Warren "Bill" Gulley (November 16, 1922 – February 24, 2012) was an American military non-commissioned officer (NCO) who, in retirement, served (1968–1977) as the first civilian chief of the White House Military Office. In that position he amassed substantial political influence and established a sometimes feared reputation. 

Gulley later went into private business with Gen. Brent Scowcroft and others. In 1980 he wrote an exposé on misdeeds and embezzlement he'd witnessed during his career, Breaking Cover.

Early life and later career

Youth and military service
Gulley was raised in Illinois and joined the United States Marine Corps in 1939, just before his eighteenth birthday. He served in the Pacific theater during World War II and was wounded at the Battle of Guadalcanal. He also saw action during the Korean War. In 1966 Gulley was assigned to the White House Military Office and, two years later, retired from the Marine Corps at the rank of sergeant major, which coincided with his appointment as chief of the office by Lyndon Johnson.

White House Military Office
Gulley had been recommended to his new post by Brent Scowcroft. He was the first civilian to hold the position of chief of the military office; to make it appear the president's staff was smaller than it was, Gulley was placed on the United States Postal Service payroll. He spent the next 11 years in charge of the White House Military Office, which was then responsible for the nuclear football, Air Force One, Marine One, the White House Communications Agency, and the White House Mess. 

According to Col. Stephen Bauer, who worked in the White House during Gulley's tenure, Gulley had a reputation as the "big, bad wolf" and wielded such influence that no one below sub-Cabinet rank dared question his decisions, though many people resented a former NCO having virtually unchecked power. Bauer claims that, during the Richard Nixon presidency, Gulley was the second "most feared member of the staff" after H. R. Haldeman.

By 1975 Gulley was also serving in a de facto capacity as the president's liaison with former presidents of the United States after the post of special assistant for liaison with former presidents had gone unfilled following the retirement of the former Special Assistant, Gen. Robert Schulz.

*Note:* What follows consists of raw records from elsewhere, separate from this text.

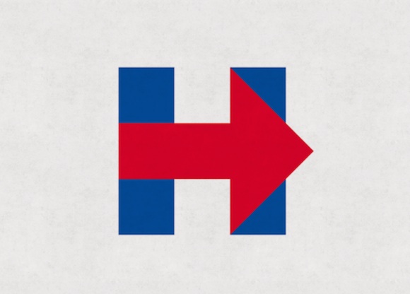4月12日,和希拉里正式参选2016年美国总统这个消息一起公布的还有这位二度参选的候选人所采用的最新竞选标志。这次希拉里的竞选标志走极简设计风格,代表希拉里(Hillary)的蓝色H字母被红色的右向箭头覆盖,就是整个标志的全部。
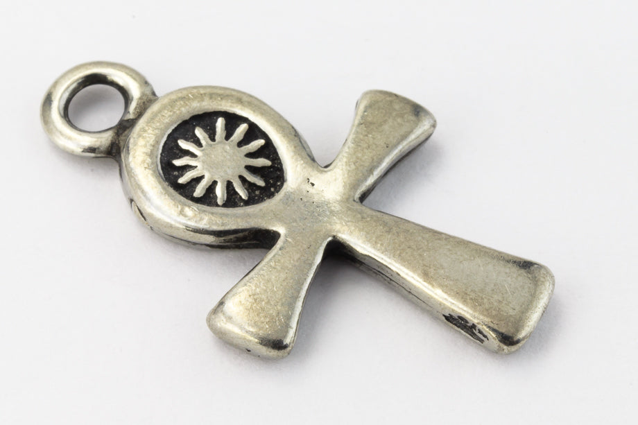 17mm x 30mm pewter Ankh charm with 3mm loop at top.
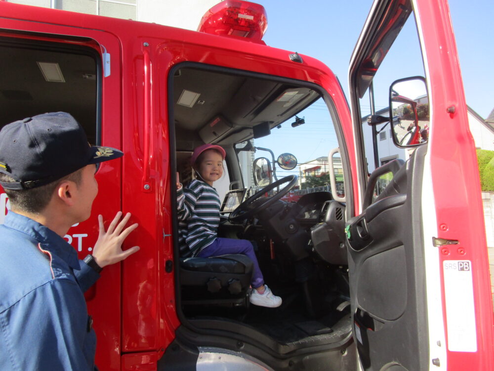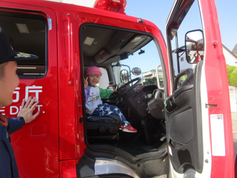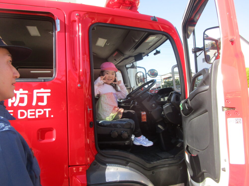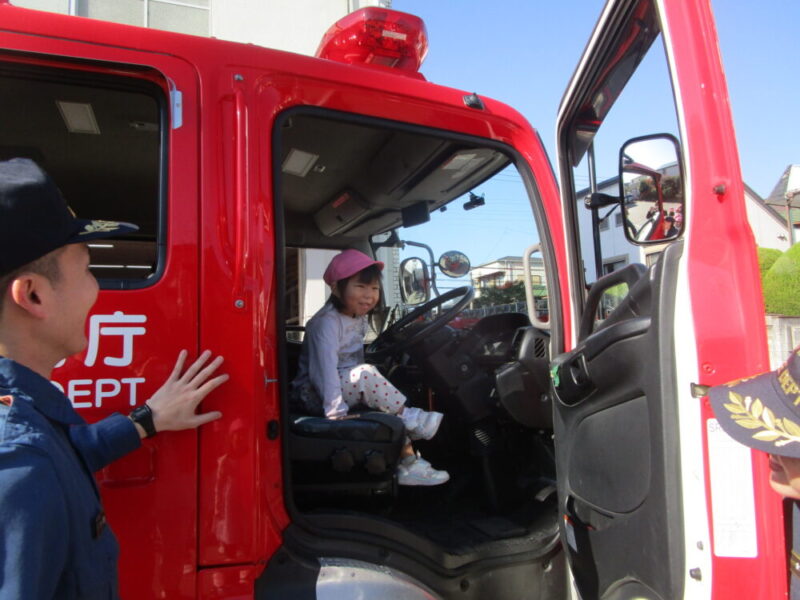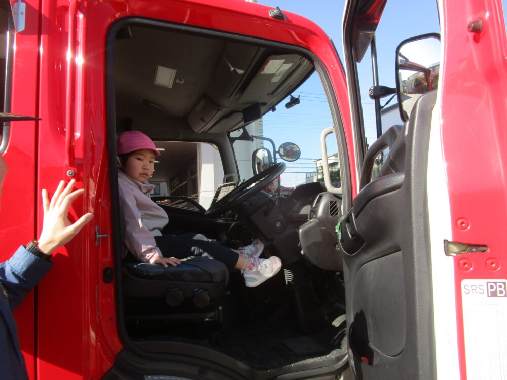 見学では消防車に乗せもてらいました!「高い~!!」と驚きながらもとても嬉しそうでしたよ♪

Gulley retired in 1977. Then President Jimmy Carter was informed of Gulley's departure by special assistant for administration Hugh Carter, who noted that "I regret losing Bill because he did an excellent job".

International Six
After retirement, Gulley went into business with Brent Scowcroft, Marvin Watson, Jack Brennan, Omar Zawawi (the brother of the Omani foreign minister), and former Lyndon Johnson aide Haywood Smith. The six men were partners in a company they named the International Six, Inc. (ISI). According to a Washington Post article from the time period, "the nature of their business, investing or consulting is not something they choose to discuss".

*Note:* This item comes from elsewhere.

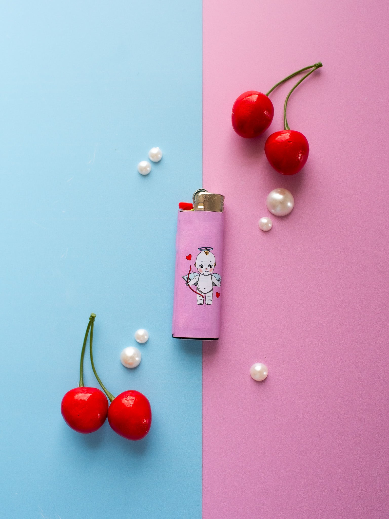 This lighter wrap features an angel kewpie on one side and a devil on the other.

Gulley and Scowcroft had originally been introduced to Zawawi by Richard Nixon. ISI specialized in facilitating business deals in the United States with Omani and Iraqi concerns. It shut-down in 1988 after Scowcroft accepted appointment as National Security Advisor to Ronald Reagan. According to Gulley, the business realized only marginal profit during its existence.

Breaking Cover
In 1980, Simon & Schuster published Gulley's book, Breaking Cover, which detailed "the questionable or illegal practices of his superiors" during his years at the White House. Among Gulley's allegations was that vast sums of "black budget" money earmarked to build emergency bunkers for the President of the United States had been diverted to finance improvements to the personal property of Lyndon Johnson, including the installation of swimming pools and movie theaters; that the United States Secret Service was the "worst, most inefficient, badly run, highly political outfit in the United States government"; and that Lyndon Johnson had given several of his  mistresses clerical jobs in the U.S. government. 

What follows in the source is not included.